Hey, evil dead, you're in my seat.

Xander ,'First Date'


Natter 34: Freak With No Name  

Off-topic discussion. Wanna talk about corsets, duct tape, or physics? This is the place. Detailed discussion of any current-season TV must be whitefonted.


Wolfram - Apr 15, 2005 11:51:06 am PDT #6047 of 10001
Visilurking

It's only one of my accounts that won't log in. THE ONE I HAVE TO EMAIL OUT MY INTERVIEW RESPONSE FROM. Fuck!


tommyrot - Apr 15, 2005 11:53:24 am PDT #6048 of 10001
Sir, it's not an offence to let your cat eat your bacon. Okay? And we don't arrest cats, I'm very sorry.

It's only one of my accounts that won't log in. THE ONE I HAVE TO EMAIL OUT MY INTERVIEW RESPONSE FROM. Fuck!

Well, if you absolutely have to have it sent out from gmail, you could email it (using another account) to someone else and then have that person log into your gmail account and sent it for you.


Gudanov - Apr 15, 2005 11:54:27 am PDT #6049 of 10001
Coding and Sleeping

Betsy -- I have a KitchenAid mixer, an ice cream machine with dual vats, a crock pot with a timer, a 400 watt hand blender, cordless electric kettle, and one of those one-handed pepper grinders.
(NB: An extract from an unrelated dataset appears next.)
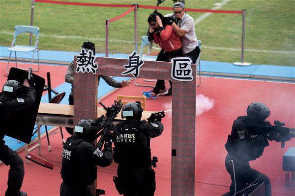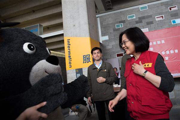 總統抵達後先與世大運吉祥物「熊讚」合影,接著進入觀禮台觀賞演練情境及各項演練介紹,並視察臺北市政府設置的各組前進指揮所。

Am not averse to the kitchen gadgets. However, West LA kitchens? Way short on counter space.

You need a vacuum sealer. I just vacuum sealed a bunch of meat last night, it's cool and stuff lasts forever.
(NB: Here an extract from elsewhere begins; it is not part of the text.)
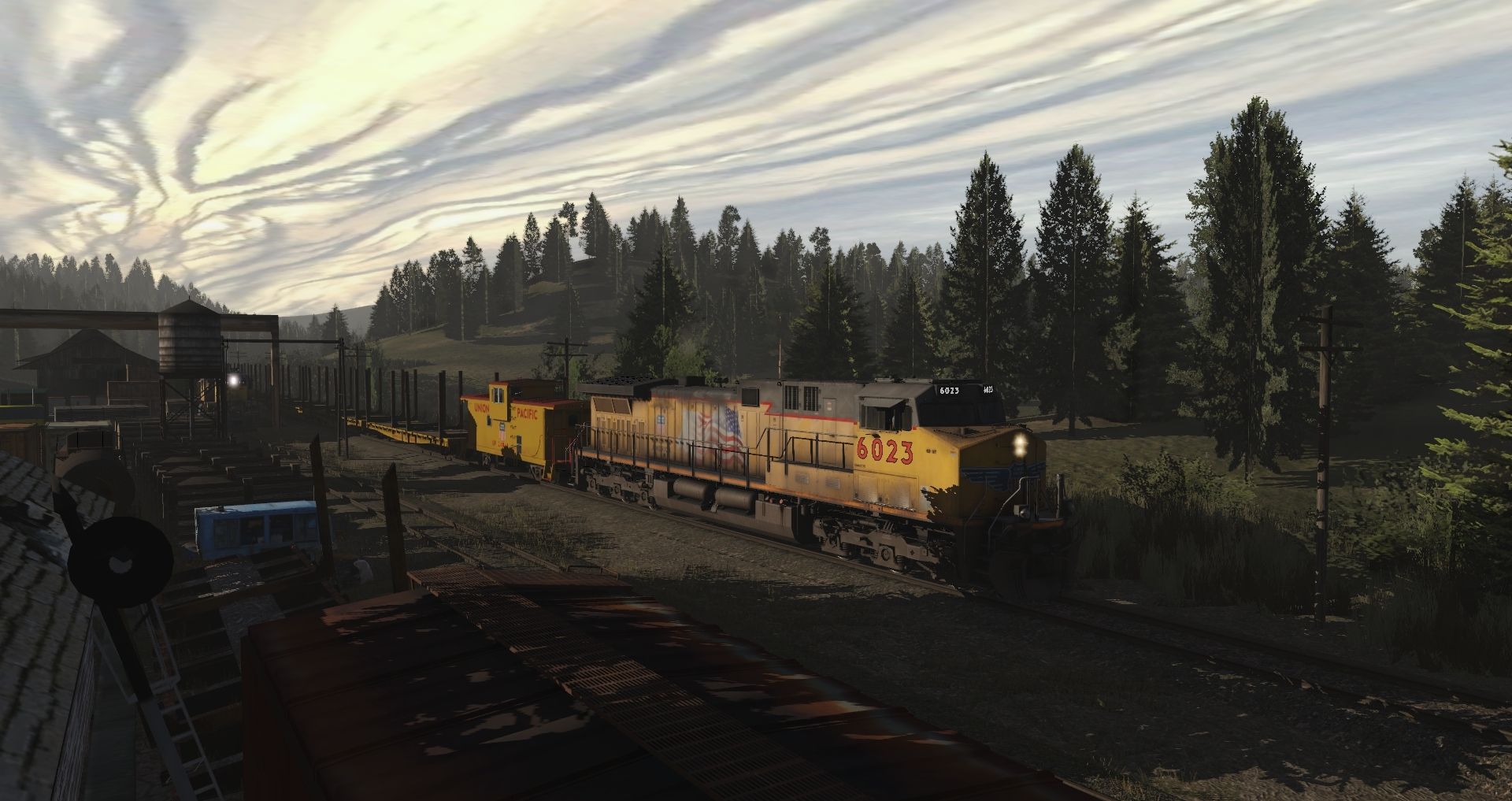 Tags: Trainz Railroad Simulator 2019, Eagle River Railway, 01 Monday - 14:57 21/05/2022 - 00:19:01, UP AC4400CW 5982-6081 TS19 3, UP GP9 late (weathered), UP Ce-11 Caboose, UP GSC 53.6ft flatcar F-70-29, DTI 50' ACF Boxcar 2, RBOX 50ft Boxcar FMC, RBOX P-S 50_6ft Boxcar

Wolfram - Apr 15, 2005 11:55:36 am PDT #6050 of 10001
Visilurking

Thanks tommy but it wouldn't work. I just tried logging into that particular account from another computer - no dice. And I can get into my other couple of gmail accounts from this computer - no problem. There must be something in that account that's messing with the process.
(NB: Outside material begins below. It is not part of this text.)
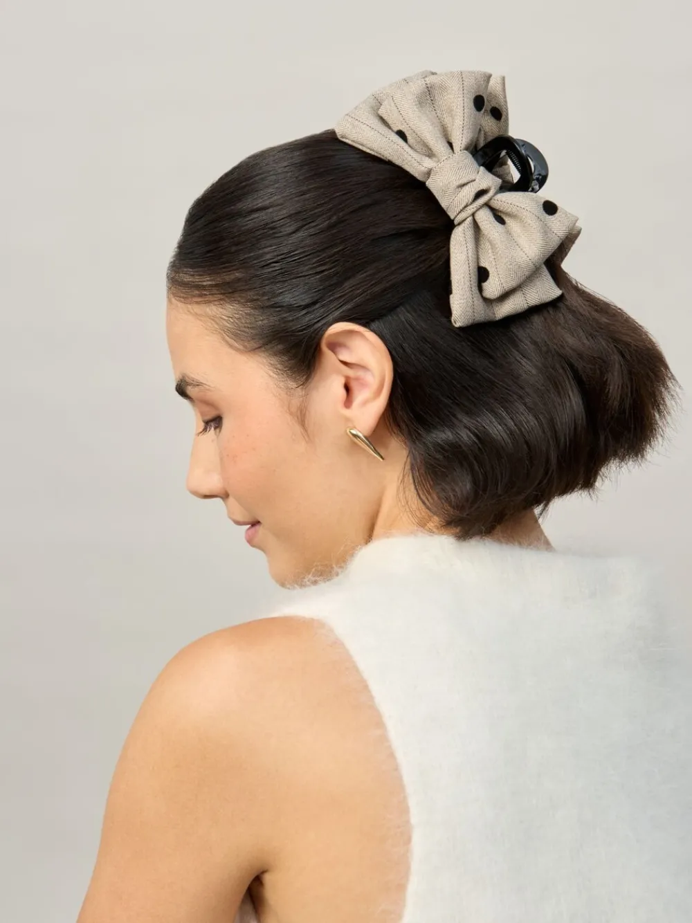 Cream Tweed Polka Dot Bow Claw*Aela Hot

Just tried POP access too. No love.


shrift - Apr 15, 2005 11:56:33 am PDT #6051 of 10001
"You can't put a price on the joy of not giving a shit." -Zenkitty

You know, I'm realizing that my notion of deep-frying seems to require breading.

Clearly you've never attended White Trash Night with me back at the ranch. The menfolk cook the meats in the turkey fryer out in the driveway and the womenfolk (some barefoot & pregnant!) make macaroni and cheese and corn on the cob in the kitchen. We drink of beer from the kegerator using Kool-Aid pitchers to transport it. We also drink of the rum and the whiskey. Froofy drinks are mocked heartily. We partake of the food, gather in the living room, and order of the WWF Raw.


Laura - Apr 15, 2005 11:56:41 am PDT #6052 of 10001
Our wings are not tired.

I do need a vacuum sealer. There just isn't a kitchen gadget I don't need. Stuff lasting in my house isn't so much an issue though.


Gudanov - Apr 15, 2005 11:56:49 am PDT #6053 of 10001
Coding and Sleeping

I wish I knew a way to help Wolfram, that sucks.


Jessica - Apr 15, 2005 11:57:58 am PDT #6054 of 10001
And then Ortus came and said "It's Ortin' time" and they all Orted off into the sunset

There just isn't a kitchen gadget I don't need.

Sing it, sister.

Though a vacuum sealer would have to be a gift. I can't see myself buying one.


§ ita § - Apr 15, 2005 11:58:45 am PDT #6055 of 10001
Well not canonically, no, but this is transformative fiction.

You need a vacuum sealer. I just vacuum sealed a bunch of meat last night, it's cool and stuff lasts forever

Then I'd be Kat and lori. Which would be too confusing.


Wolfram - Apr 15, 2005 11:58:46 am PDT #6056 of 10001
Visilurking

Thanks Gud. 'Salright, I'll just send it over the weekend. That way it looks like I'm doing job search related stuff in my spare time.

I'm more concerned now that I'll never get back in and lose all my Gmail stored email.